■ WHAT YOU NEED TO DO:
Give the data again exactly as written, without any of its pictures.

■ DATA SEGMENT:
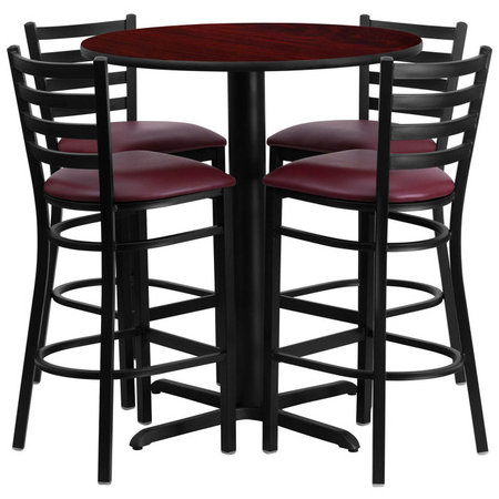 Flash Furniture HDBF1026-GG, 30" Round Indoor Melamine Bar Height Table Set w/ 4 Barstools, Mahogany Laminate Finish
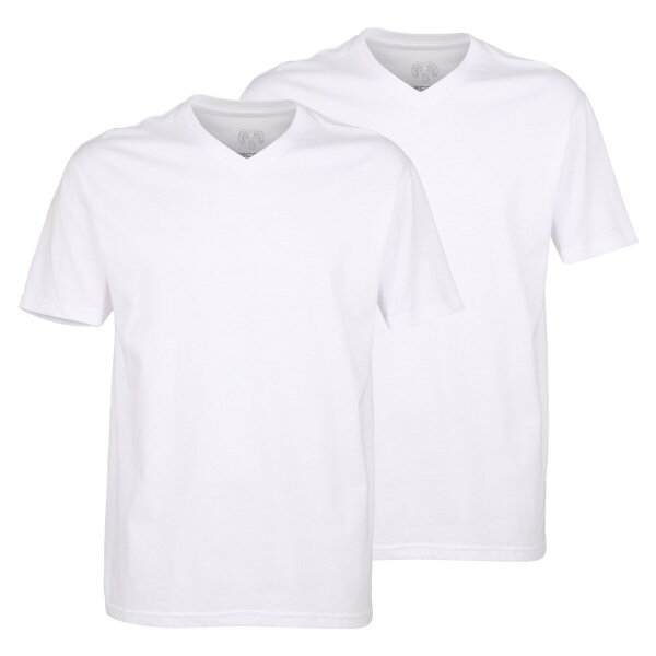 CECEBA men's T-shirts, 2-pack - convex, V-neck, short-sleeved, cotton, plain-coloured White L (Large)
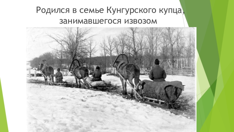 Слайд 2 Родился в семье Кунгурского купца, занимавшегося извозом

■ RESPONSE TO THE TASK:
 Flash Furniture HDBF1026-GG, 30" Round Indoor Melamine Bar Height Table Set w/ 4 Barstools, Mahogany Laminate Finish
 CECEBA men's T-shirts, 2-pack - convex, V-neck, short-sleeved, cotton, plain-coloured White L (Large)
 Слайд 2 Родился в семье Кунгурского купца, занимавшегося извозом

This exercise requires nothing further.